◆ WHAT YOU SHOULD DO ◆
Would you return the data below exactly as it stands, with every picture left out?

◆ GIVEN INFORMATION ◆
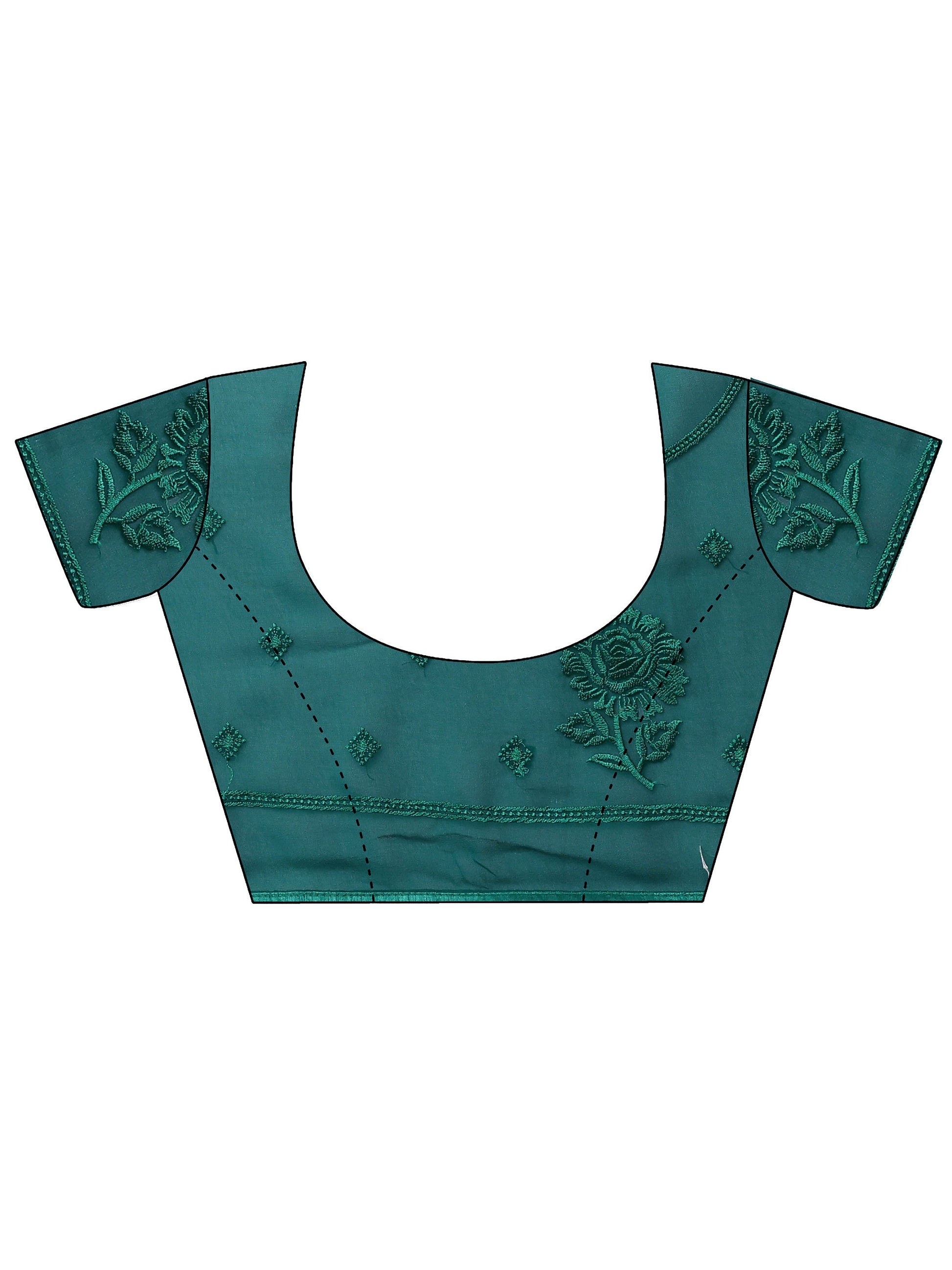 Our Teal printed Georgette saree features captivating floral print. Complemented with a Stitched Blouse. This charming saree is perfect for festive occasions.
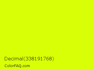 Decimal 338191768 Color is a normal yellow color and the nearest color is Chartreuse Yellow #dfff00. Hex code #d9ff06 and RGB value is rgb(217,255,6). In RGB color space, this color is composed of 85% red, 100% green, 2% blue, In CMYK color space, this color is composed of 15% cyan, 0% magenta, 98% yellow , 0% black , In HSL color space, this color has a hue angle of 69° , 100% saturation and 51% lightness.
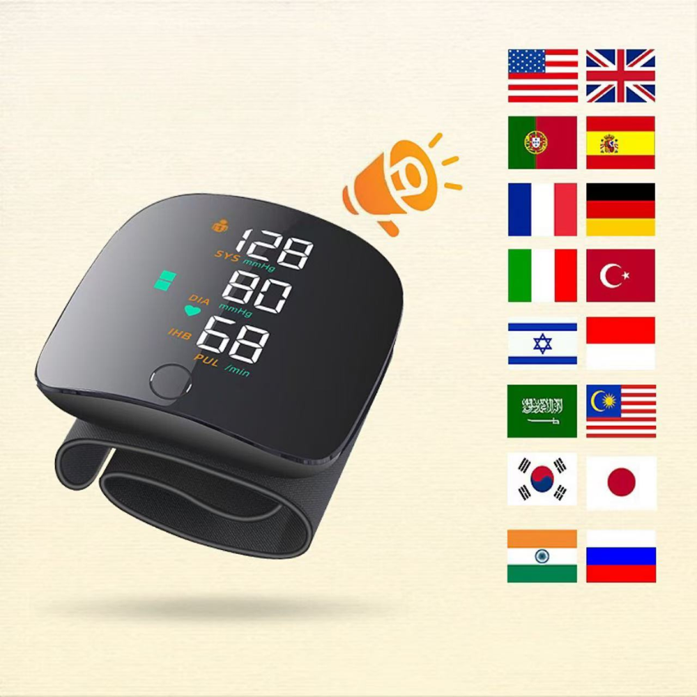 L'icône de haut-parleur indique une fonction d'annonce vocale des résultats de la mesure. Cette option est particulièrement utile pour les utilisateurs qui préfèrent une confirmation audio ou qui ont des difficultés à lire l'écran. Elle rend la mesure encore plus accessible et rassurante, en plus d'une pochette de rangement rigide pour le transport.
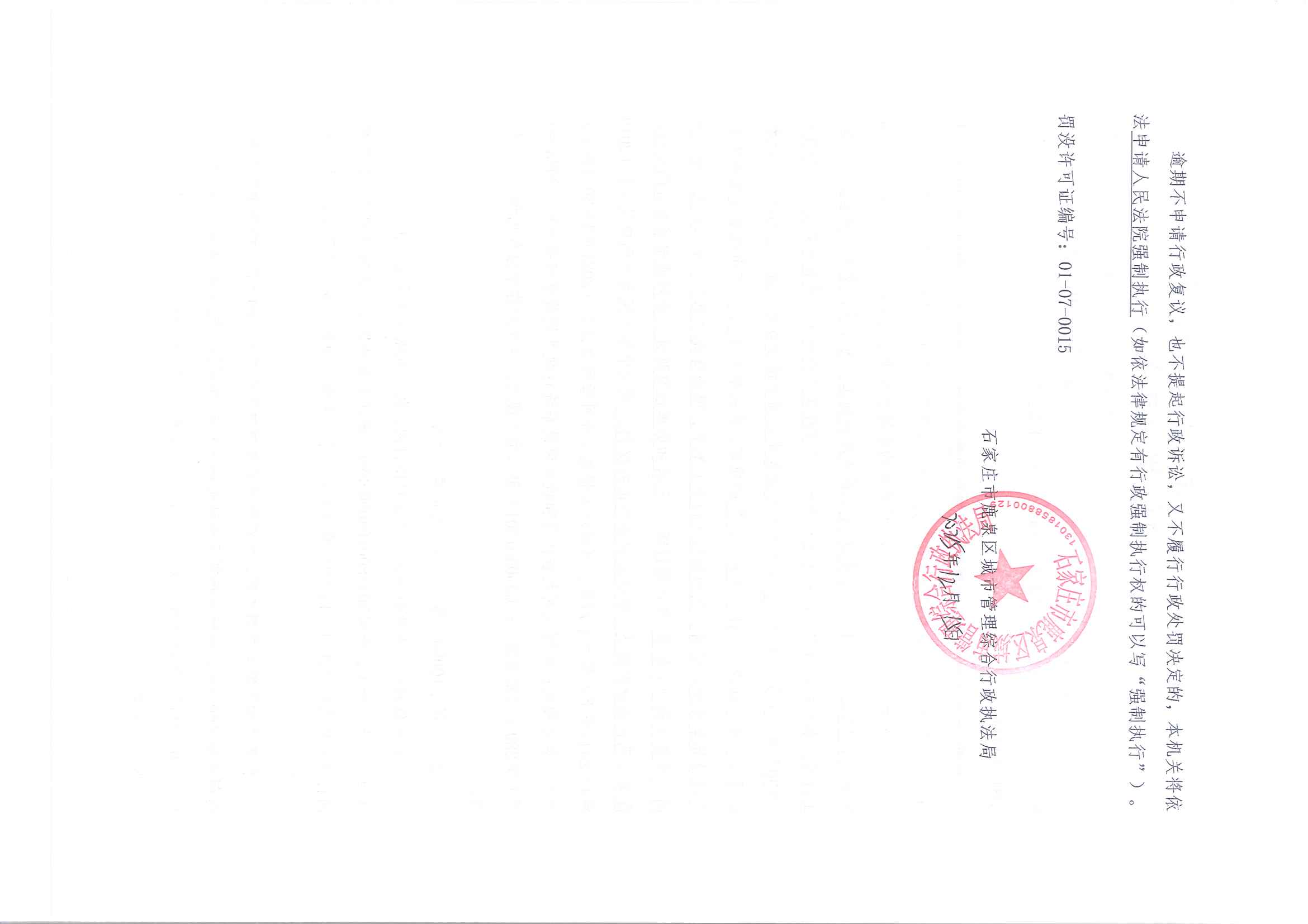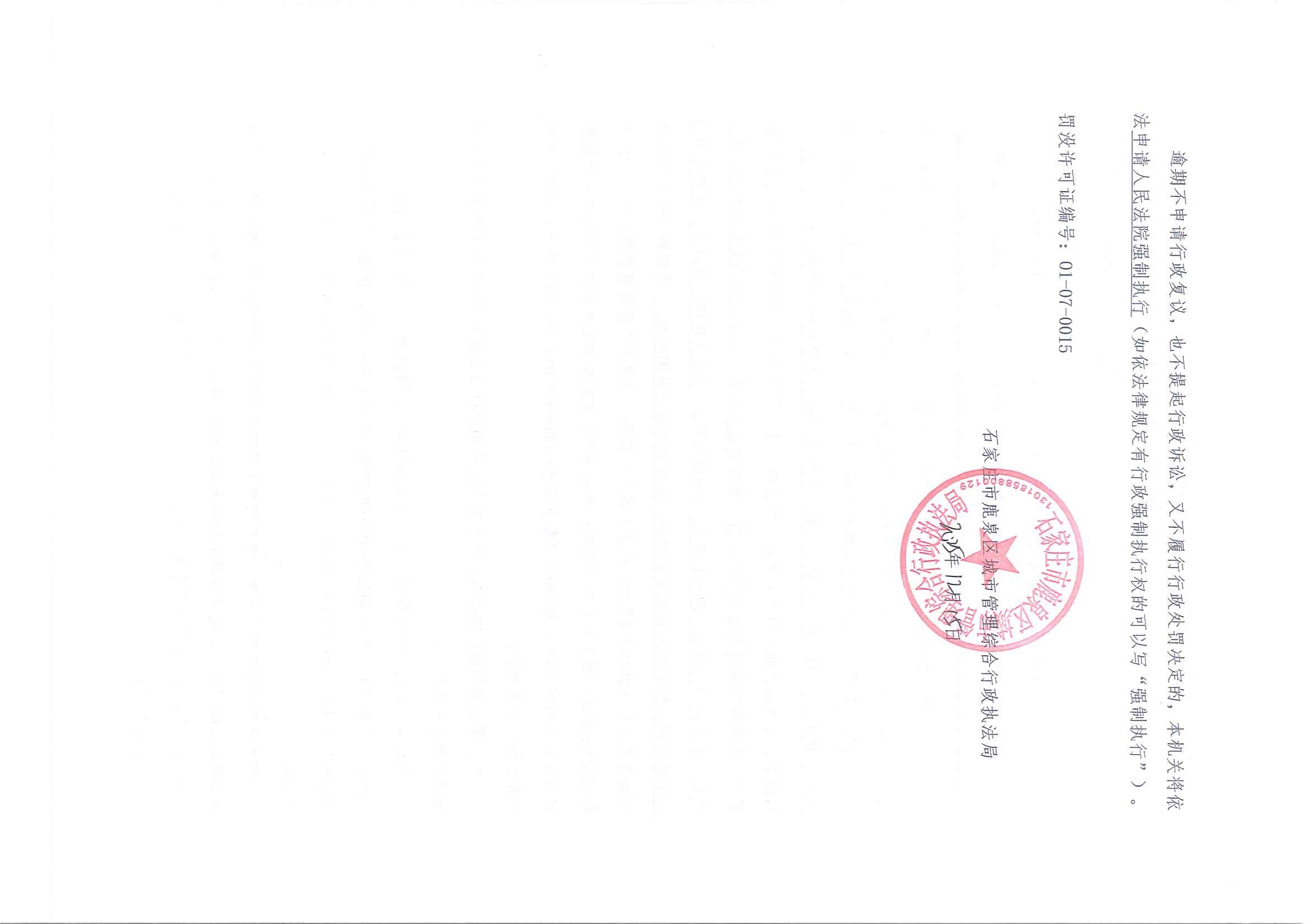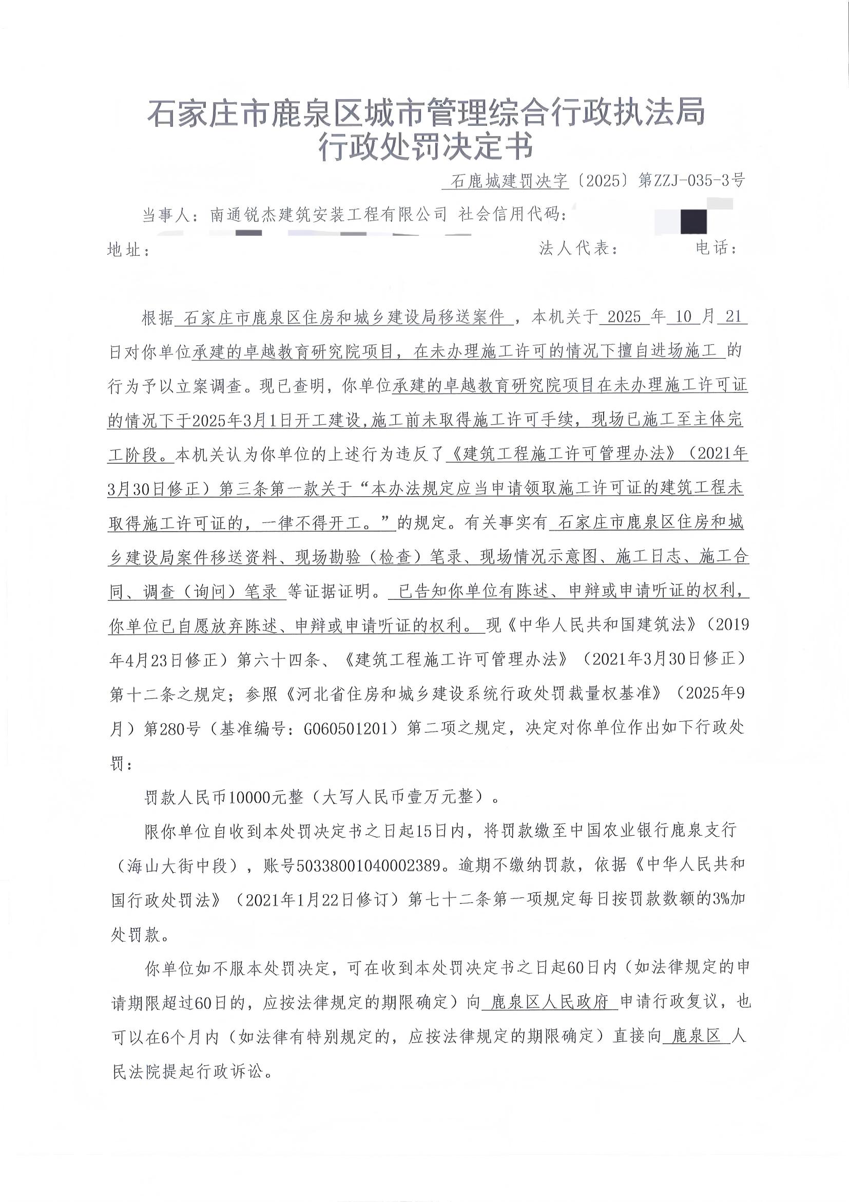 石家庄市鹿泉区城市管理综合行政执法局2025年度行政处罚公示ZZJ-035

◆ TASK ANSWER ◆
 Our Teal printed Georgette saree features captivating floral print. Complemented with a Stitched Blouse. This charming saree is perfect for festive occasions.
 Decimal 338191768 Color is a normal yellow color and the nearest color is Chartreuse Yellow #dfff00. Hex code #d9ff06 and RGB value is rgb(217,255,6). In RGB color space, this color is composed of 85% red, 100% green, 2% blue, In CMYK color space, this color is composed of 15% cyan, 0% magenta, 98% yellow , 0% black , In HSL color space, this color has a hue angle of 69° , 100% saturation and 51% lightness.
 L'icône de haut-parleur indique une fonction d'annonce vocale des résultats de la mesure. Cette option est particulièrement utile pour les utilisateurs qui préfèrent une confirmation audio ou qui ont des difficultés à lire l'écran. Elle rend la mesure encore plus accessible et rassurante, en plus d'une pochette de rangement rigide pour le transport.
 石家庄市鹿泉区城市管理综合行政执法局2025年度行政处罚公示ZZJ-035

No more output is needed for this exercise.